Null and Alternate Hypotheses
𝐻𝑜: There is no significant difference in the average number of deaths between different vehicle types. 𝐻𝑎: There is a significant difference in the average number of deaths between different vehicle types.
The Test
Crashes_1000 <- Crashes %>%
group_by(`VEHICLE TYPE CODE 1`) %>%
summarize(n = n()) %>%
filter(n > 1000) %>%
pull(`VEHICLE TYPE CODE 1`)
Crashes_filtered <- Crashes %>%
filter(`VEHICLE TYPE CODE 1` %in% Crashes_1000)model <- aov(`NUMBER OF PERSONS KILLED` ~ `VEHICLE TYPE CODE 1`, data = Crashes_filtered)
summary(model)## Df Sum Sq Mean Sq F value Pr(>F)
## `VEHICLE TYPE CODE 1` 36 6.1 0.17061 111.3 <2e-16 ***
## Residuals 1959962 3004.1 0.00153
## ---
## Signif. codes: 0 '***' 0.001 '**' 0.01 '*' 0.05 '.' 0.1 ' ' 1
## 12260 observations deleted due to missingnessboxplot(`NUMBER OF PERSONS KILLED` ~ `VEHICLE TYPE CODE 1`, data = Crashes_filtered,
main = "Distribution of Number of Deaths by Vehicle Type",
xlab = "Vehicle Type",
ylab = "Number of Deaths",
col = "lightblue",
las=2, cex.axis = 0.6)
Explaination
The p-value of this anova test is less than 2e-16, meaning we reject the null hypothesis. This means that we can be 99% certain that there is a significant difference in the number of deaths that occur in accidents that have different vehicle types involved.
Correaltion
Research Question 4: Is there a relationship between the number of person injured in car accidents and the number of persons killed in car accidents?
Scatter Plot
plot(Crashes$`NUMBER OF PERSONS KILLED`, Crashes$`NUMBER OF PERSONS INJURED`,
xlab = "Number of Persons KILLED", ylab = "Number of Persons INJURED",
main = "Correlation between Number of Persons Killed and Number of Persons Injured")
abline(lm(Crashes$`NUMBER OF PERSONS KILLED` ~ Crashes$`NUMBER OF PERSONS INJURED`))
Linear regression
reg <- lm(Crashes$`NUMBER OF PERSONS INJURED` ~ Crashes$`NUMBER OF PERSONS KILLED`)
summary(reg)##
## Call:
## lm(formula = Crashes$`NUMBER OF PERSONS INJURED` ~ Crashes$`NUMBER OF PERSONS KILLED`)
##
## Residuals:
## Min 1Q Median 3Q Max
## -1.365 -0.298 -0.298 -0.298 42.702
##
## Coefficients:
## Estimate Std. Error t value Pr(>|t|)
## (Intercept) 0.2977570 0.0004893 608.52 <2e-16 ***
## Crashes$`NUMBER OF PERSONS KILLED` 0.2667885 0.0123001 21.69 <2e-16 ***
## ---
## Signif. codes: 0 '***' 0.001 '**' 0.01 '*' 0.05 '.' 0.1 ' ' 1
##
## Residual standard error: 0.6893 on 1987282 degrees of freedom
## (37 observations deleted due to missingness)
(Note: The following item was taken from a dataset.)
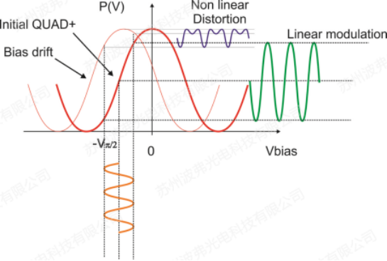 如上所述(shù),Mach-Zehder幹涉儀的兩條光路不(bú)是完全的一樣。另外,它的漂移還被溫度和熱量的變化,使用時間,光強效(xiào)果,靜電等影(yǐng)響,這將導致傳輸曲線(xiàn)在水平方向移動。當電調製(zhì)信(xìn)號施加在移動的工作點上,輸出的(de)光(guāng)調製信號將完(wán)全被改變。

## Multiple R-squared: 0.0002367, Adjusted R-squared: 0.0002362
## F-statistic: 470.5 on 1 and 1987282 DF, p-value: < 2.2e-16The equation for the linear model is: NUMBER OF PERSONS INJURED = 0.2977570 + 0.2667885 * NUMBER OF PERSONS KILLED
The p-value for Number of Persons Killed is less than 2e-16 which indicates that the number of persons killed is statistically significant in predicting the number of persons injured in an accident. The R-squared value is only 0.0002367 however, implying a very weak positive correlation between the two variables, meaning there are other factors that most likely influence them than just each other.
Ethical Concerns
There are multiple ethical concerns that could arise from this dataset. This datset could be biased due to any type of under reporting or over reporting of certain kinds of accidents, such as minor fender benders going unreported while there is more attention given to large accidents. I also believe the accuracy of this dataset could be called into question due to the large number of missing values in it, making up nearly 30 percent of the data.
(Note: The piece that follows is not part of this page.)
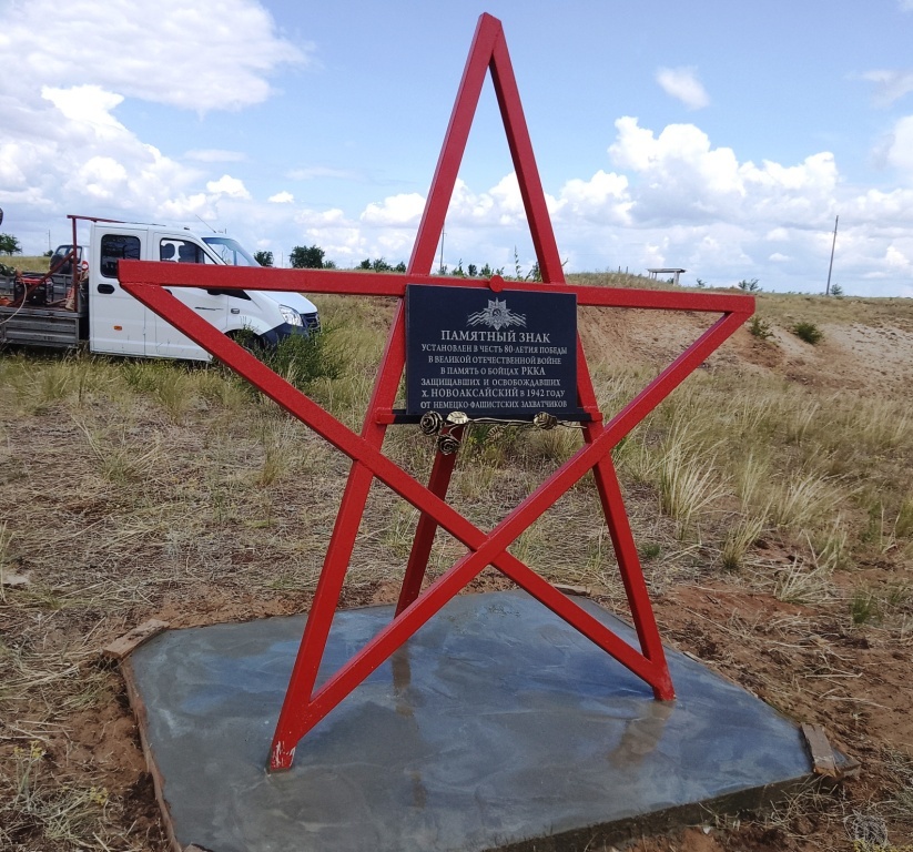 ЗАКОНЧИЛИ ОСНОВНЫЕ РАБОТЫ ПО ИЗГОТОВЛЕНИЮ И УСТАНОВКЕ ПАМЯТНОГО ЗНАКА - В ПАМЯТЬ О БОЙЦАХ РККА, ЗАЩИЩАВШИХ И ОСВОБОЖДАВШИХ Х. НОВОАКСАЙСКИЙ В 1942 ГОДУ. Памятный знак это большая пятиконечная звезда с памятной табличкой, установлен на одном из самых высоких мест, за хутором, с западной стороны, так, что все едущие люди на Цимлу или в Новоаксайские родники смогут увидеть этот памятный знак. Что хочется отметить - сплоченность хуторян. Идея установить такой памятный знак родилась у учителя истории местной школы, идею поддержали глава сельской администрации, местные жители, фермера, которые оказали посильную помощь в изготовление и установке памятного знака.

An ethical concern for this project is that the results of my EDA could be misused. My EDA revealed that accidents involed construction vehicles, bigger trucks like 18 wheelers, and motorcycles resulted in more deaths on average, which could lead a viewer of this project to raise safety concerns over these vehicles. However, based on the value of the averages themselves these vehicles do not cause even 1 extra death on average than any other vehicle type, meaning this data should not be used in any way to crack down on the safety of those types of vehicles.